(Collected data entries)
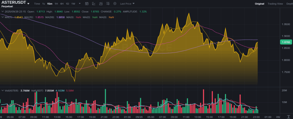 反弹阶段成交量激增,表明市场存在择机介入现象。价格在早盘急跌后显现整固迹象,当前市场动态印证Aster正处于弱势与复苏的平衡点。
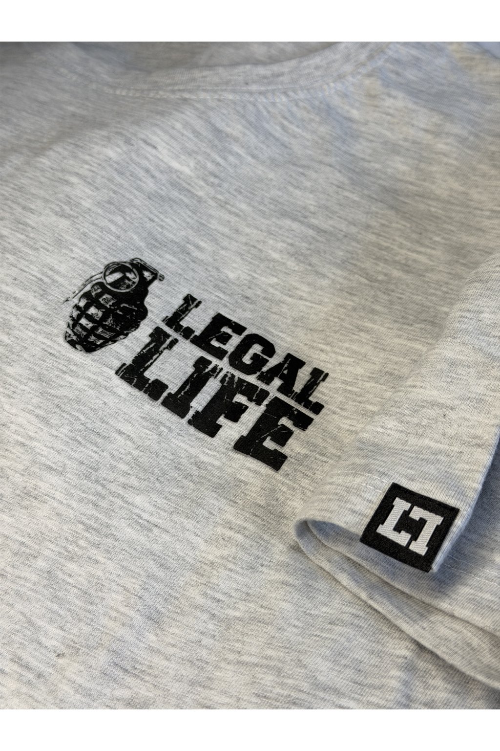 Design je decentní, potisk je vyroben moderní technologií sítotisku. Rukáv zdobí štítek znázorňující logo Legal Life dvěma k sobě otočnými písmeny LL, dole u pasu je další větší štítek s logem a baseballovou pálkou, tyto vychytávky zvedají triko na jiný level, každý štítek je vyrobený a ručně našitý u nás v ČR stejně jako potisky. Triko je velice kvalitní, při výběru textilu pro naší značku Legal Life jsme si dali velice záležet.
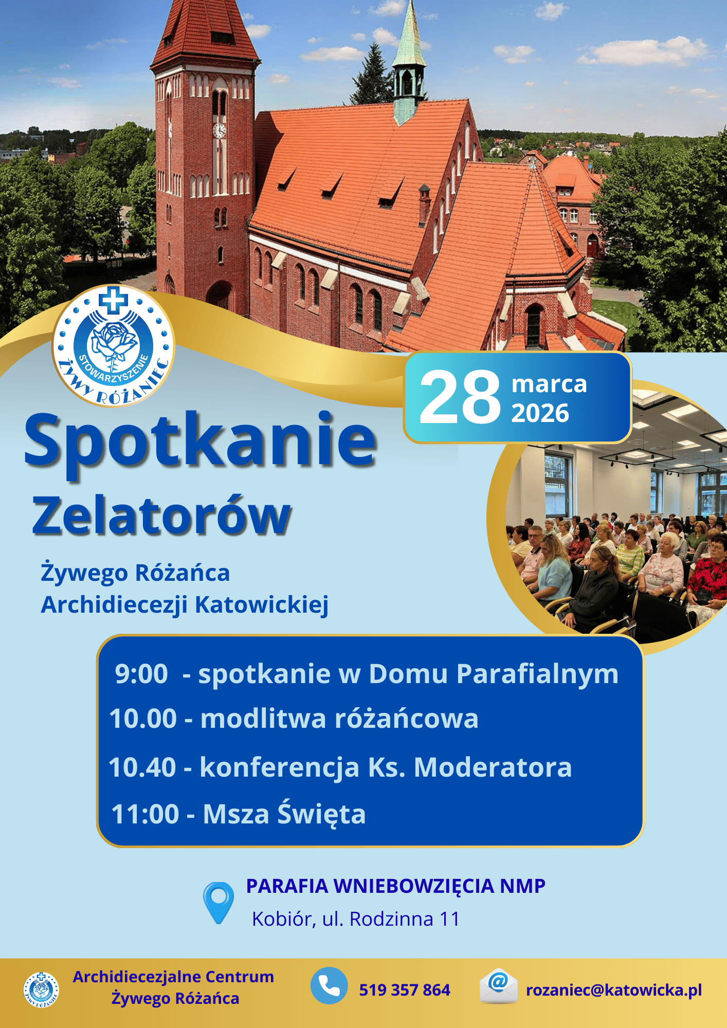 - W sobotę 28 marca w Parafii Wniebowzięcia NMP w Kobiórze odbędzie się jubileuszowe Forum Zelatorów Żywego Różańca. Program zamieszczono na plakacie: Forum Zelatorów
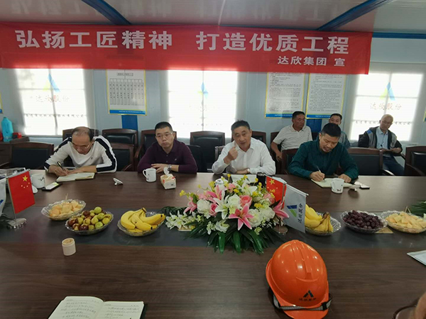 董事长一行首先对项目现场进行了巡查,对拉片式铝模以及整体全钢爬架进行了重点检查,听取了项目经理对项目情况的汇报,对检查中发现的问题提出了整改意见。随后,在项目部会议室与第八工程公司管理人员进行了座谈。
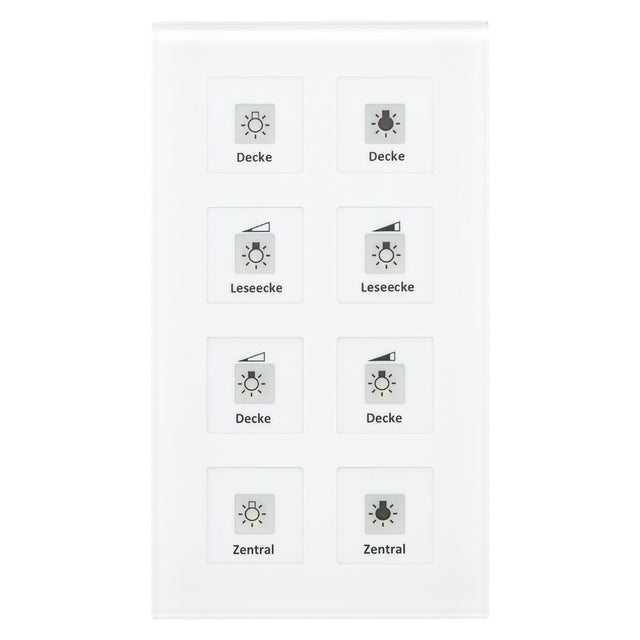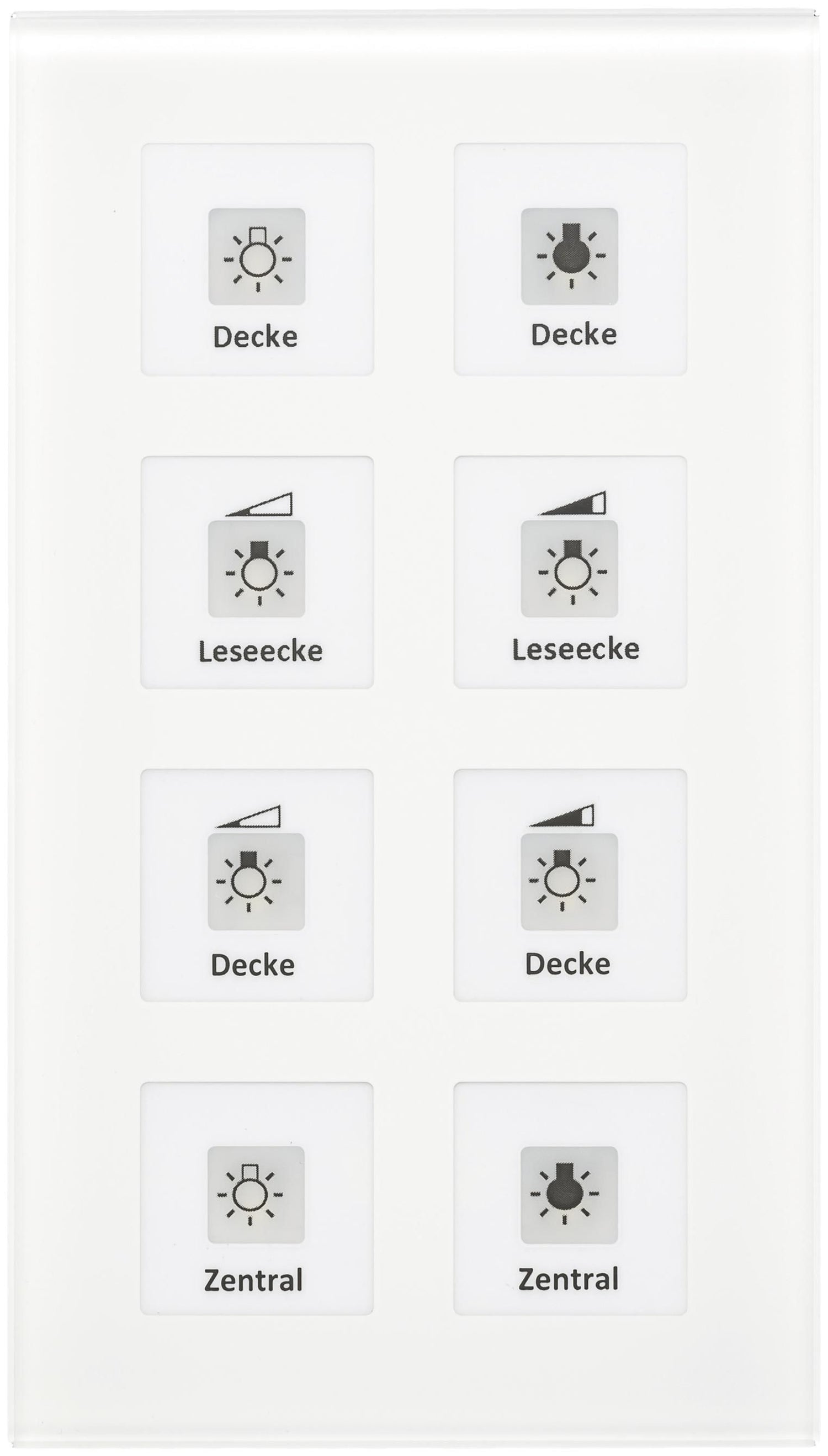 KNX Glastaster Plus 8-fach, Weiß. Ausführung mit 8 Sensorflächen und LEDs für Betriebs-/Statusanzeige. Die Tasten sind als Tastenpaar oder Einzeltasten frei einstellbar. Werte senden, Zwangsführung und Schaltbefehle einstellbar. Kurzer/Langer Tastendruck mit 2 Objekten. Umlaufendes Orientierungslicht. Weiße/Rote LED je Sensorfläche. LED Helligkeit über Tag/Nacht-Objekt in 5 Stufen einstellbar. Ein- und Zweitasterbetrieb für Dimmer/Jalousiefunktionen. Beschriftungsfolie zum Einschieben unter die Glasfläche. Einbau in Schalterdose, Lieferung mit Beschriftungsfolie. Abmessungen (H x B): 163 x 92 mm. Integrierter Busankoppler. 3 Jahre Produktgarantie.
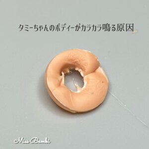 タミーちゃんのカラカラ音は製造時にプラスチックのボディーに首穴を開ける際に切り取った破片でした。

▸ What you need to do:
With the pictures omitted, set down each line exactly, starting at the first line of the records above and ending with the line that contains "董事长一行首先对项目现场进行".

▸ Reply:
 反弹阶段成交量激增,表明市场存在择机介入现象。价格在早盘急跌后显现整固迹象,当前市场动态印证Aster正处于弱势与复苏的平衡点。
 Design je decentní, potisk je vyroben moderní technologií sítotisku. Rukáv zdobí štítek znázorňující logo Legal Life dvěma k sobě otočnými písmeny LL, dole u pasu je další větší štítek s logem a baseballovou pálkou, tyto vychytávky zvedají triko na jiný level, každý štítek je vyrobený a ručně našitý u nás v ČR stejně jako potisky. Triko je velice kvalitní, při výběru textilu pro naší značku Legal Life jsme si dali velice záležet.
 - W sobotę 28 marca w Parafii Wniebowzięcia NMP w Kobiórze odbędzie się jubileuszowe Forum Zelatorów Żywego Różańca. Program zamieszczono na plakacie: Forum Zelatorów
 董事长一行首先对项目现场进行了巡查,对拉片式铝模以及整体全钢爬架进行了重点检查,听取了项目经理对项目情况的汇报,对检查中发现的问题提出了整改意见。随后,在项目部会议室与第八工程公司管理人员进行了座谈。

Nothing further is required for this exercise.